* _Your task_
In the listing below, locate the line that contains "根据QuestMobile发" and the line that contains "我们预约的是早上9:00的门". Restate word for word those two lines and every line between them, and nothing else.

* _Material for this task_

________________________________________

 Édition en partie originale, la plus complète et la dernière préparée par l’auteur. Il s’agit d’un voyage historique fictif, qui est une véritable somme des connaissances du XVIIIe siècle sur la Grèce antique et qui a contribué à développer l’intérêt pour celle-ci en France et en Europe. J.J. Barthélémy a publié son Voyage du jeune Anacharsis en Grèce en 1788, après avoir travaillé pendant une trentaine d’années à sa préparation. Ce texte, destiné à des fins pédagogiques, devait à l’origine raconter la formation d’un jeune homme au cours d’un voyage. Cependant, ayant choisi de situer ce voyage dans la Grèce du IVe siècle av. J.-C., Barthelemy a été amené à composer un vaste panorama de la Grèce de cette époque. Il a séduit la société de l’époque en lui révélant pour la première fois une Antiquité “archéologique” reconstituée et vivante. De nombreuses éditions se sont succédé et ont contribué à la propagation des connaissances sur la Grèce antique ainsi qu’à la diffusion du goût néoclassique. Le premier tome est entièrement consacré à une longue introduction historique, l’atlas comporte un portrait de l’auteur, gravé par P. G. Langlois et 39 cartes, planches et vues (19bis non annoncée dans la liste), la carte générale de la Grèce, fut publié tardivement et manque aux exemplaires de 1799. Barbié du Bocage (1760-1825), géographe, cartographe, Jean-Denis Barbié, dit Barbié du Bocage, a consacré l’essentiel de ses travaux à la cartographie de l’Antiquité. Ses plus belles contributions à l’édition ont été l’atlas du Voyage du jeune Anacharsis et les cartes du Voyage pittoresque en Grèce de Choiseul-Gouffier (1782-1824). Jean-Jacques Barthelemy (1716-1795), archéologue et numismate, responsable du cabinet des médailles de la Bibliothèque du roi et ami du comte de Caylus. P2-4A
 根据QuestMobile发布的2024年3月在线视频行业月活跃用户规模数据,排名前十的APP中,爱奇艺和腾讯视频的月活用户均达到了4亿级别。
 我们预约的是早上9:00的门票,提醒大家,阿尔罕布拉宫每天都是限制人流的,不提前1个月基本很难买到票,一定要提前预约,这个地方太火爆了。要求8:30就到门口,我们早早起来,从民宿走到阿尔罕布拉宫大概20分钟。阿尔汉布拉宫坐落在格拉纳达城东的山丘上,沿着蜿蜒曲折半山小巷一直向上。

________________________________________

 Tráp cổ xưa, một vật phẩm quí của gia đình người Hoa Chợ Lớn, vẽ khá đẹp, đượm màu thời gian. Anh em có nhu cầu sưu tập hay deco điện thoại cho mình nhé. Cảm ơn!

________________________________________

* _Exercise solution_
 根据QuestMobile发布的2024年3月在线视频行业月活跃用户规模数据,排名前十的APP中,爱奇艺和腾讯视频的月活用户均达到了4亿级别。
 我们预约的是早上9:00的门票,提醒大家,阿尔罕布拉宫每天都是限制人流的,不提前1个月基本很难买到票,一定要提前预约,这个地方太火爆了。要求8:30就到门口,我们早早起来,从民宿走到阿尔罕布拉宫大概20分钟。阿尔汉布拉宫坐落在格拉纳达城东的山丘上,沿着蜿蜒曲折半山小巷一直向上。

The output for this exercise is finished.